There’s one scene where Sandler’s character sees his father for the last time and it’s kind of… heartbreaking? Yes, manipulative, but still impressive. And that’s not the only scene – the third act is almost full of back-to-back dramatic moments and Sandler is perfectly committed to his role. Not to mention, there’s no other film where Sandler does his usual comedy thing and then suddenly goes this hard to sad places. Sandler’s fan base isn’t exactly full of people who might enjoy all of his dramatic/non-typical films, but this was a great opportunity to show his own audience that he’s capable of being a dramatic actor.
7. Spanglish (2004)
Sandler’s “Anger Management” co-star Jack Nicholson won two of his three Oscars for James L. Brooks films. Brooks made an interesting choice to cast Sandler in a film that one wouldn’t consider among his best, but still can be called as a moving portrayal of the difficulty of family problems and self-identity.
It was one of the benefits of “Punch-Drunk Love” as Brooks was so impressed by Sandler’s performance in that film that he decided it’d be a good decision to give him another dramatic role, and he’s really strong in this. He plays a loving father and husband, as well as a chef and owner of a restaurant, who finds himself in some unexpected events. His scenes with Sarah Steele in particular are very loving and touching.
Sandler had to turn down Michael Mann’s “Collateral” to make this film, which is a movie that earned Jamie Foxx an Oscar nomination.

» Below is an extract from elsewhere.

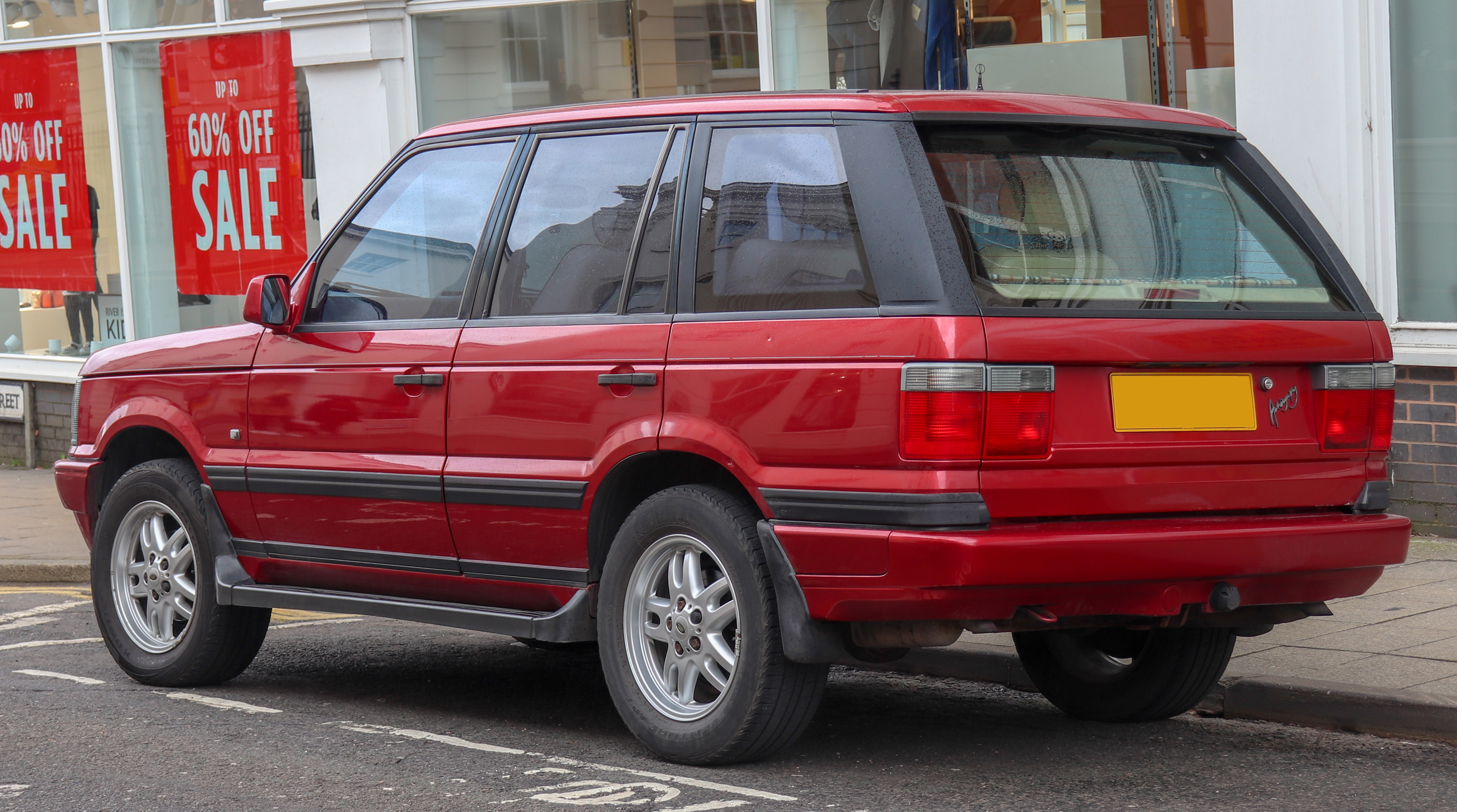 1998 Land Rover Range Rover Limited Edition Autobiography 4.6 Rear Taken in Leamington Spa

Well, this one didn’t do as good, obviously, but at least he didn’t turn “Collateral” down for doing “The Longest Yard” or whatever. Some humorous moments can be found here, but “Spanglish” is still mostly a dramatic movie and another great showcase for Sandler’s dramatic talent.
6. Funny People (2009)
We mentioned that he turned down “Collateral” for doing “Spanglish,” and he also turned down Eli Roth’s character in “Inglourious Basterds” to make this movie. Which one is a better character is, of course, up to the audience to judge; again, at least he didn’t turn down Tarantino for Frank Coraci but rather for Judd Apatow.
It is a flawed film because as usual with Apatow’s stuff, “Funny People” is way too long; but it was also Apatow’s most mature movie up until that time. Both Apatow and Sandler were roommates back in the day, so the script has a way of playing into Sandler’s strengths. Sandler plays a middle-aged comedian-turned-actor who made a fortune over the years but keep making poorly received movies (does it remind you of anyone?). But recently he’s been diagnosed with acute myeloid leukemia. Thinking he is going to die, he decides to go back to stand-up.
One of those rare character dramas that featured Sandler in the leading role, it’s another good case for him to show an unexplored side of his talent. It’s also a kind of character that Sandler rarely gets to play: a complex one! His chemistry is pretty good with his co-stars and the script lets him deliver some witty lines as well. The movie is way too long, so if you’re not too interested in the characters or the storyline or just don’t care for Apatow’s style, it may be hard to sit through. But if you go with the journey, you’ll witness some of Sandler’s finest moments.